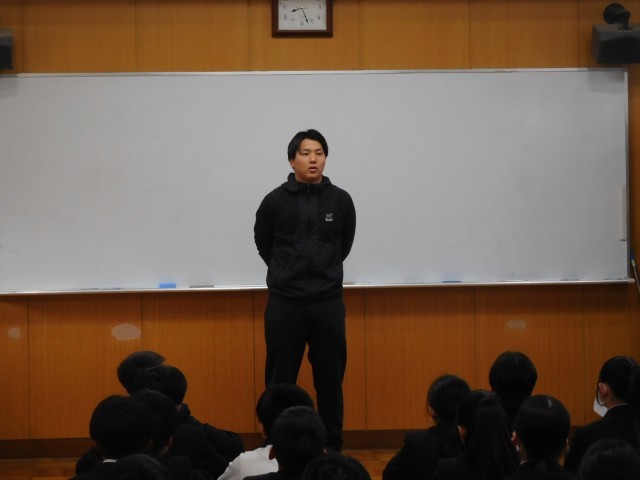 本日は朝から2年生が学年集会を行いました。担当の先生から、最近少し気になることについてお話してくれました。掃除、あいさつ、授業の受け方で少し気のゆるみがある人はいませんかと問いかけてくれていました。また、違う先生からも朝の登校時間について注意喚起がありました。学年集会ぎりぎりに登校する人(カバンを教室に置きに行けず、集会場の後ろに置く)が多くなってきていることに警鐘を鳴らしてくれていました。
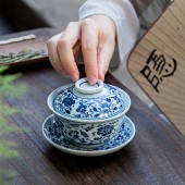 青花瓷盖碗仿古釉下手绘陶瓷盖碗大号单个三才泡茶鱼藻缠枝莲盖碗
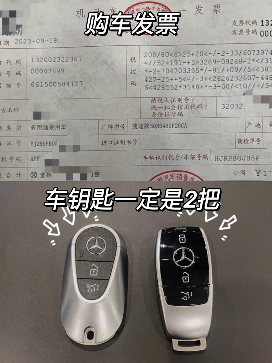 2⃣️车钥匙2把,后续配一把要好几千块
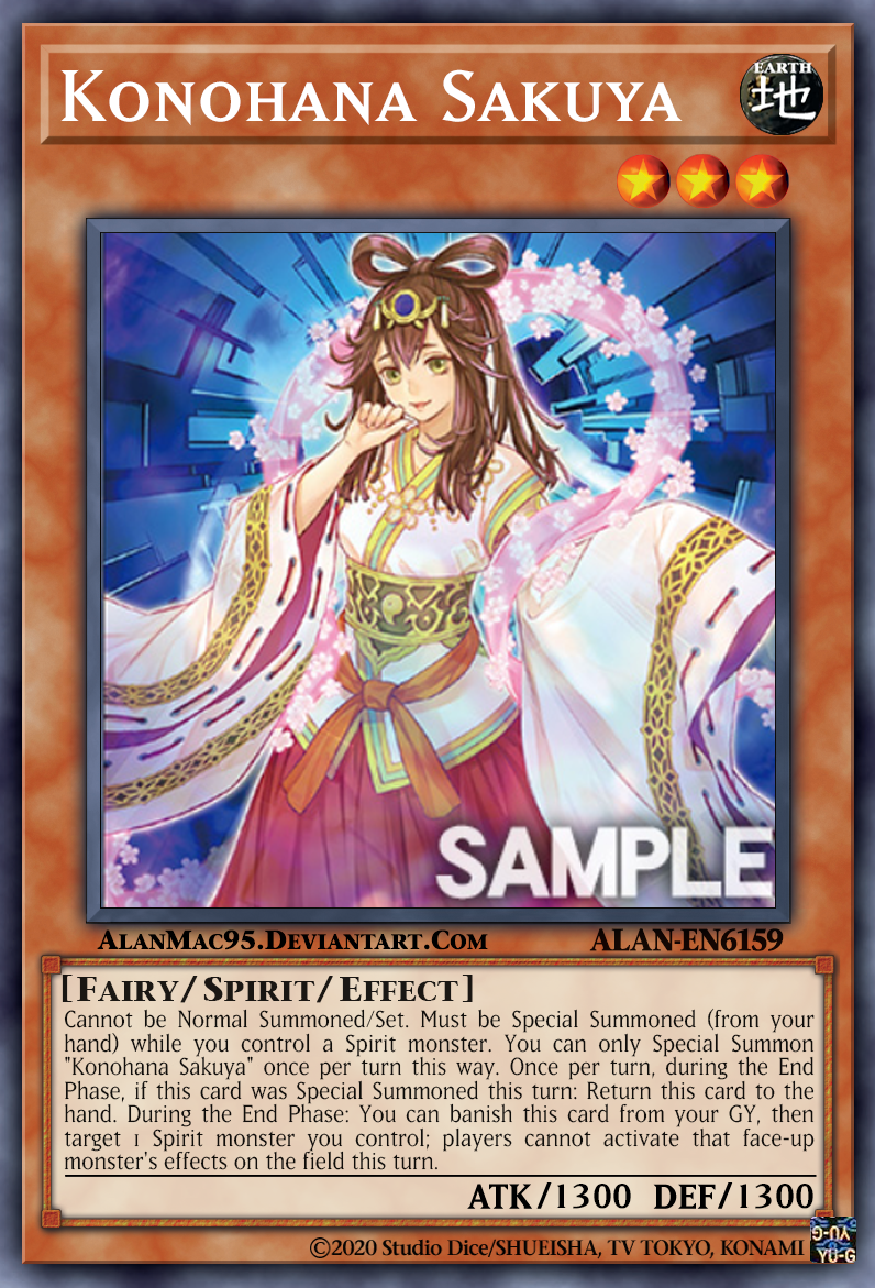 Cannot be Normal Summoned/Set. Must be Special Summoned (from your hand) while you control a Spirit monster. You can only Special Summon "Konohana Sakuya" once per turn this way. Once per turn, during the End Phase, if this card was Special Summoned this turn: Return this card to the hand. During the End Phase: You can banish this card from your GY, then target 1 Spirit monster you control; players cannot activate that face-up monster's effects on the field this turn.

EXERCISE DETAILS:
Write out the material above once more, word for word. Images stay out.

SOLUTION TO THE EXERCISE:
 本日は朝から2年生が学年集会を行いました。担当の先生から、最近少し気になることについてお話してくれました。掃除、あいさつ、授業の受け方で少し気のゆるみがある人はいませんかと問いかけてくれていました。また、違う先生からも朝の登校時間について注意喚起がありました。学年集会ぎりぎりに登校する人(カバンを教室に置きに行けず、集会場の後ろに置く)が多くなってきていることに警鐘を鳴らしてくれていました。
 青花瓷盖碗仿古釉下手绘陶瓷盖碗大号单个三才泡茶鱼藻缠枝莲盖碗
 2⃣️车钥匙2把,后续配一把要好几千块
 Cannot be Normal Summoned/Set. Must be Special Summoned (from your hand) while you control a Spirit monster. You can only Special Summon "Konohana Sakuya" once per turn this way. Once per turn, during the End Phase, if this card was Special Summoned this turn: Return this card to the hand. During the End Phase: You can banish this card from your GY, then target 1 Spirit monster you control; players cannot activate that face-up monster's effects on the field this turn.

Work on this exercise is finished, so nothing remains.